- [About this task] The answer must be the lines from the one that holds "Tous Baby straight-cut" through the final line of the data, copied exactly, with no pictures.

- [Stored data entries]
━━━━━━━━━━━━━━━━━━━━━━━━━━━━━━
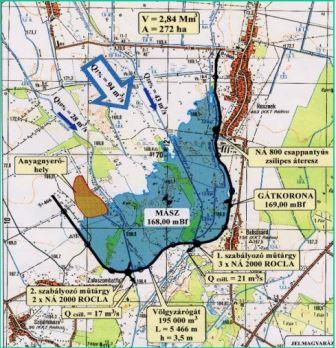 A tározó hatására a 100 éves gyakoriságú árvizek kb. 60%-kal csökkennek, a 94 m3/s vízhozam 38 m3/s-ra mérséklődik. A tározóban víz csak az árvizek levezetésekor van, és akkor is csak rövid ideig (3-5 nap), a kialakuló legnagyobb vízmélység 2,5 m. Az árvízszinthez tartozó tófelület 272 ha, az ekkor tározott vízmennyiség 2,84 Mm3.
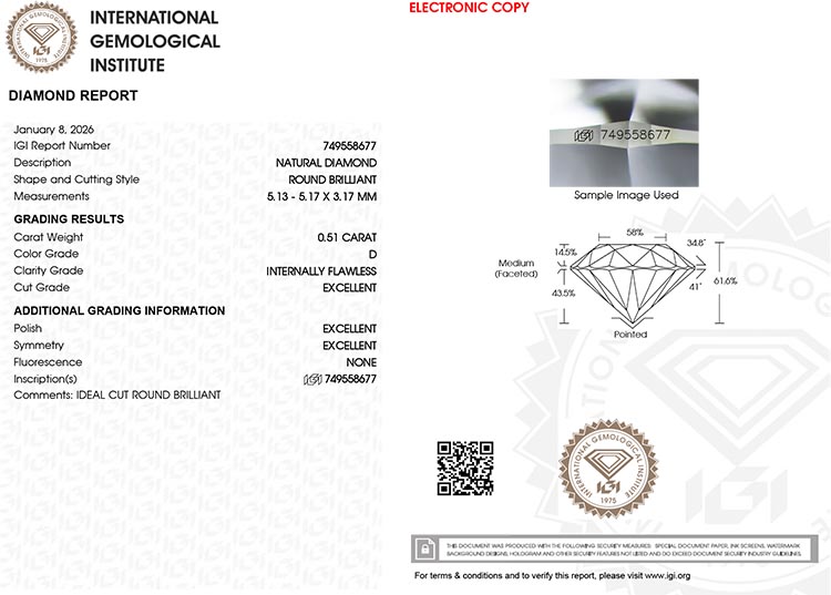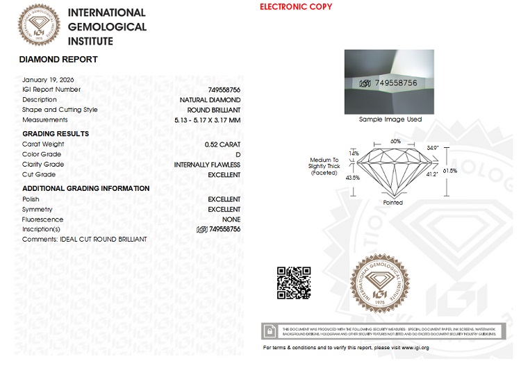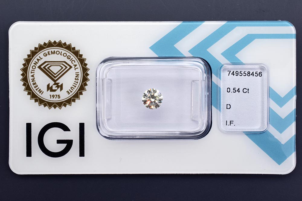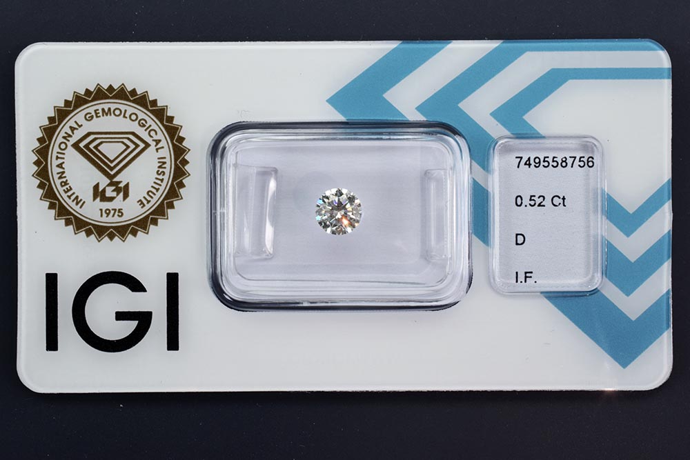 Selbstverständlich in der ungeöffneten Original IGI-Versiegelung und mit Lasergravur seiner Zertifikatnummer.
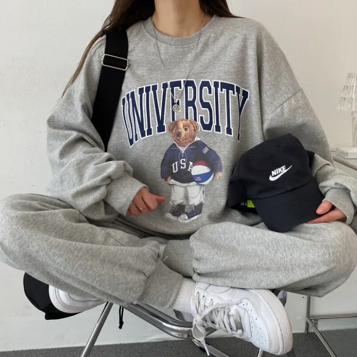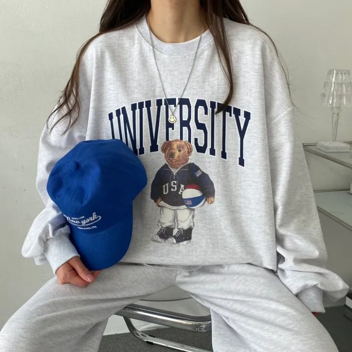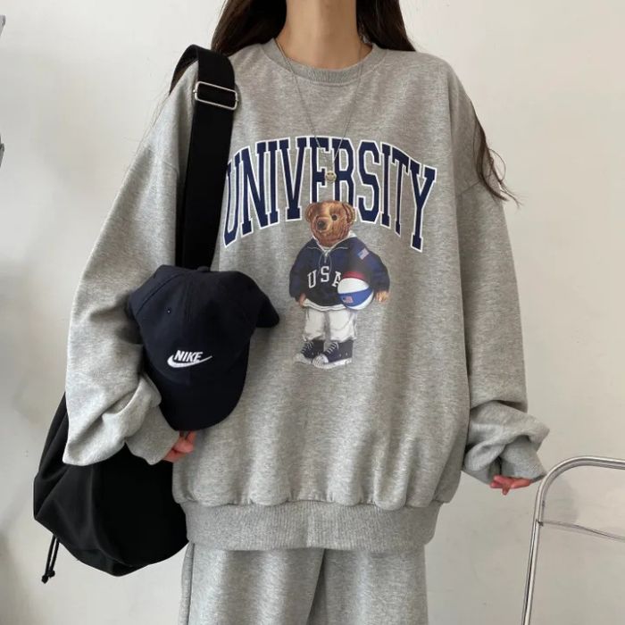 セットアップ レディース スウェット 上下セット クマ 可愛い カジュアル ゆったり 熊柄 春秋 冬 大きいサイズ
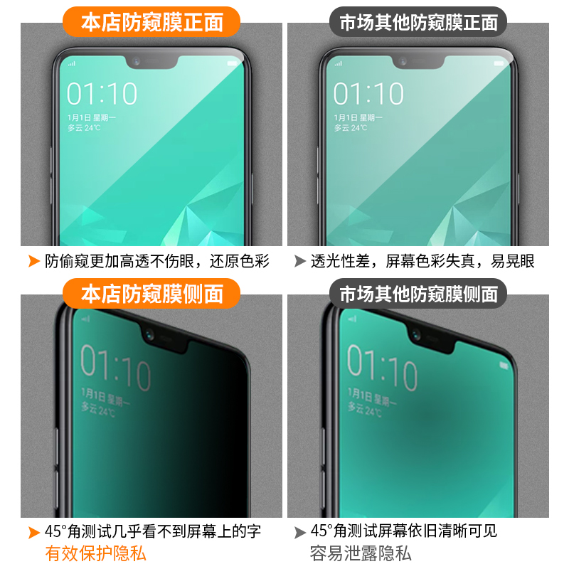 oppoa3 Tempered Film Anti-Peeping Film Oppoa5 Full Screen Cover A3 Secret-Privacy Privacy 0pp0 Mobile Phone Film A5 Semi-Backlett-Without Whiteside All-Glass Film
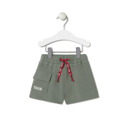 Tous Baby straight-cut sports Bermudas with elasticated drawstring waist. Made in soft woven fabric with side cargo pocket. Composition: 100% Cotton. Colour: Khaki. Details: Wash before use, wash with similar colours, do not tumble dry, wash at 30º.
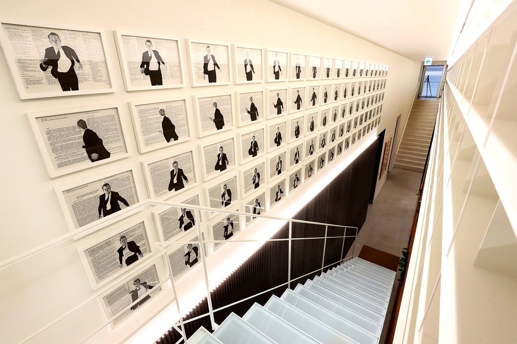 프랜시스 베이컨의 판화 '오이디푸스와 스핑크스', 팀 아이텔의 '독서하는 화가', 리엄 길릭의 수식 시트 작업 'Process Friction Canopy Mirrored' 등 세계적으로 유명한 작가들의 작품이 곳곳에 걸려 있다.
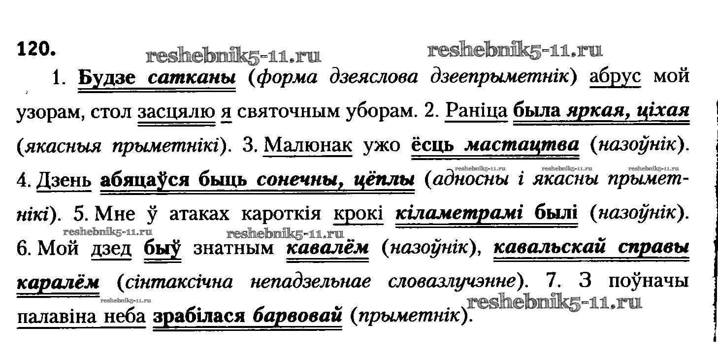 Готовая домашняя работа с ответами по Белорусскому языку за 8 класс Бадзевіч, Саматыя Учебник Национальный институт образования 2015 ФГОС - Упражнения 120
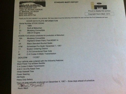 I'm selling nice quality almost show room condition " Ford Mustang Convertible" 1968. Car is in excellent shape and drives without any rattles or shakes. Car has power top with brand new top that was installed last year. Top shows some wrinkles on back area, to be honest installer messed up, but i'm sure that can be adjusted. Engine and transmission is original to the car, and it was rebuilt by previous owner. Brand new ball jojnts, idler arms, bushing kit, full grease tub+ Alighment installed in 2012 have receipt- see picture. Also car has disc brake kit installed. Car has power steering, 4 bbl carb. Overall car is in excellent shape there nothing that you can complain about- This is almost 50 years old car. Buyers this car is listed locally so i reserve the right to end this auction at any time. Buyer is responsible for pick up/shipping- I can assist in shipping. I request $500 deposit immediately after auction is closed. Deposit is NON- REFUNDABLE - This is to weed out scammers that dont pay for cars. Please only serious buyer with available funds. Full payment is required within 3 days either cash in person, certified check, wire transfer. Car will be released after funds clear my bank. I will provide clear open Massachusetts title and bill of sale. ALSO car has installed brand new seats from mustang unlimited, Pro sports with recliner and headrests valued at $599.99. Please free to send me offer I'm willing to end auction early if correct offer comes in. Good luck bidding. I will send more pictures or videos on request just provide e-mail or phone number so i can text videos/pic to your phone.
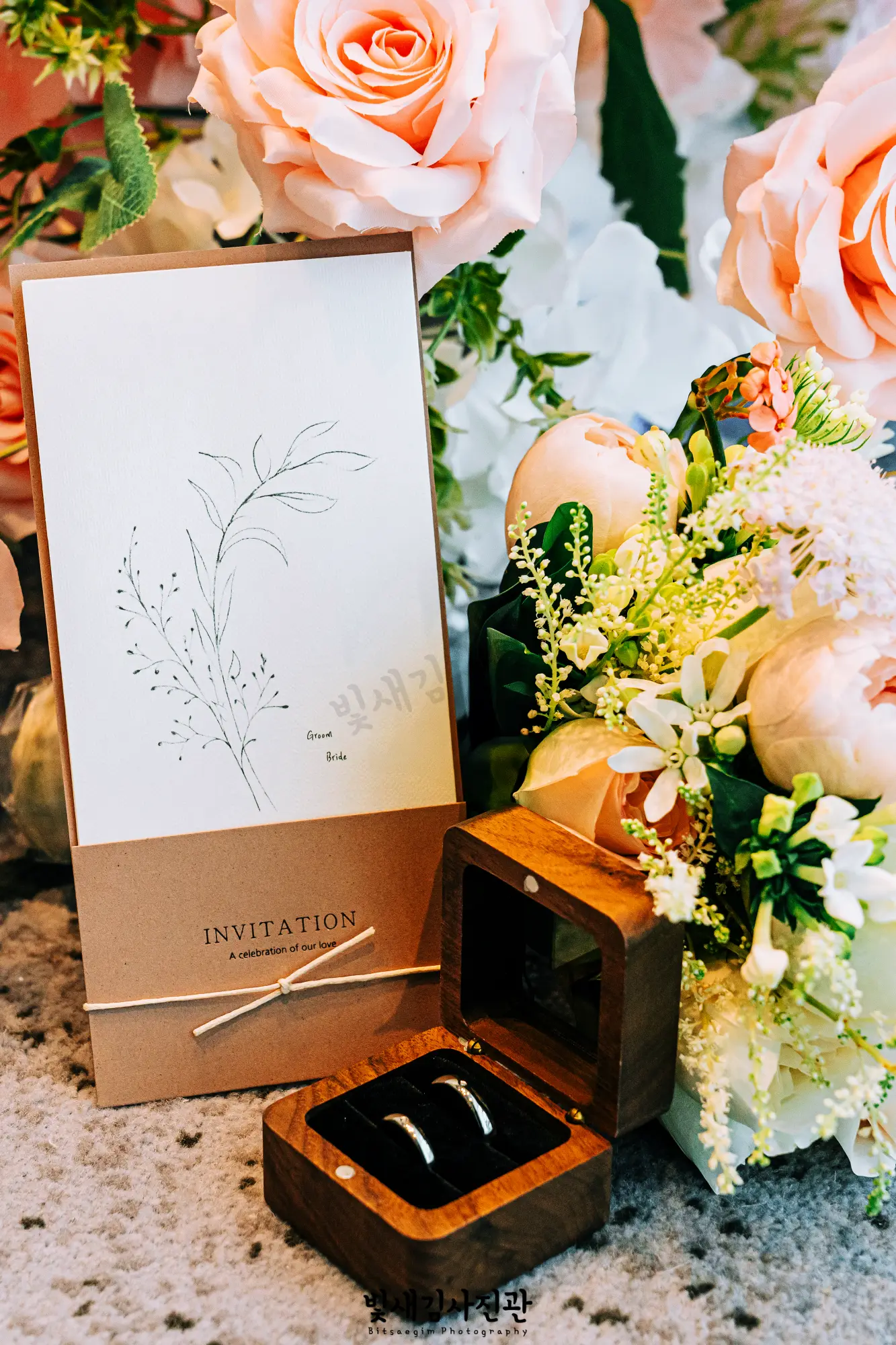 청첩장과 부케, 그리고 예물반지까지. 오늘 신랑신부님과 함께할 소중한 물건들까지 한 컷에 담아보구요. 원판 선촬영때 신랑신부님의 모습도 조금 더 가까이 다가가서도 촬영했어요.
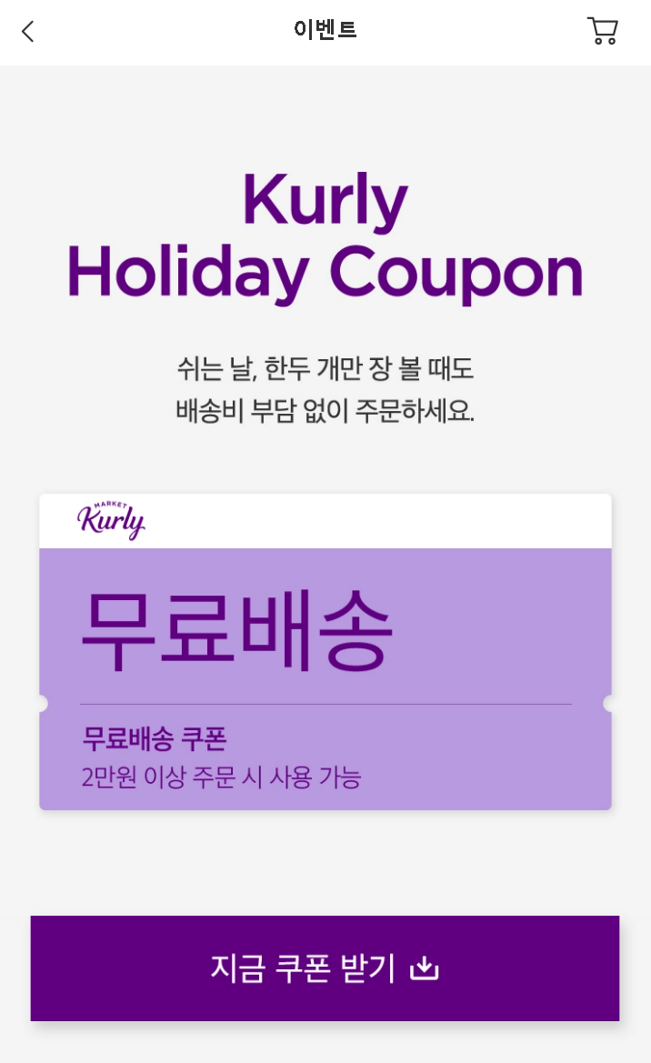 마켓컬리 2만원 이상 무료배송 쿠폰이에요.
━━━━━━━━━━━━━━━━━━━━━━━━━━━━━━
- [Task solution]
 Tous Baby straight-cut sports Bermudas with elasticated drawstring waist. Made in soft woven fabric with side cargo pocket. Composition: 100% Cotton. Colour: Khaki. Details: Wash before use, wash with similar colours, do not tumble dry, wash at 30º.
 프랜시스 베이컨의 판화 '오이디푸스와 스핑크스', 팀 아이텔의 '독서하는 화가', 리엄 길릭의 수식 시트 작업 'Process Friction Canopy Mirrored' 등 세계적으로 유명한 작가들의 작품이 곳곳에 걸려 있다.
 Готовая домашняя работа с ответами по Белорусскому языку за 8 класс Бадзевіч, Саматыя Учебник Национальный институт образования 2015 ФГОС - Упражнения 120
 I'm selling nice quality almost show room condition " Ford Mustang Convertible" 1968. Car is in excellent shape and drives without any rattles or shakes. Car has power top with brand new top that was installed last year. Top shows some wrinkles on back area, to be honest installer messed up, but i'm sure that can be adjusted. Engine and transmission is original to the car, and it was rebuilt by previous owner. Brand new ball jojnts, idler arms, bushing kit, full grease tub+ Alighment installed in 2012 have receipt- see picture. Also car has disc brake kit installed. Car has power steering, 4 bbl carb. Overall car is in excellent shape there nothing that you can complain about- This is almost 50 years old car. Buyers this car is listed locally so i reserve the right to end this auction at any time. Buyer is responsible for pick up/shipping- I can assist in shipping. I request $500 deposit immediately after auction is closed. Deposit is NON- REFUNDABLE - This is to weed out scammers that dont pay for cars. Please only serious buyer with available funds. Full payment is required within 3 days either cash in person, certified check, wire transfer. Car will be released after funds clear my bank. I will provide clear open Massachusetts title and bill of sale. ALSO car has installed brand new seats from mustang unlimited, Pro sports with recliner and headrests valued at $599.99. Please free to send me offer I'm willing to end auction early if correct offer comes in. Good luck bidding. I will send more pictures or videos on request just provide e-mail or phone number so i can text videos/pic to your phone.
 청첩장과 부케, 그리고 예물반지까지. 오늘 신랑신부님과 함께할 소중한 물건들까지 한 컷에 담아보구요. 원판 선촬영때 신랑신부님의 모습도 조금 더 가까이 다가가서도 촬영했어요.
 마켓컬리 2만원 이상 무료배송 쿠폰이에요.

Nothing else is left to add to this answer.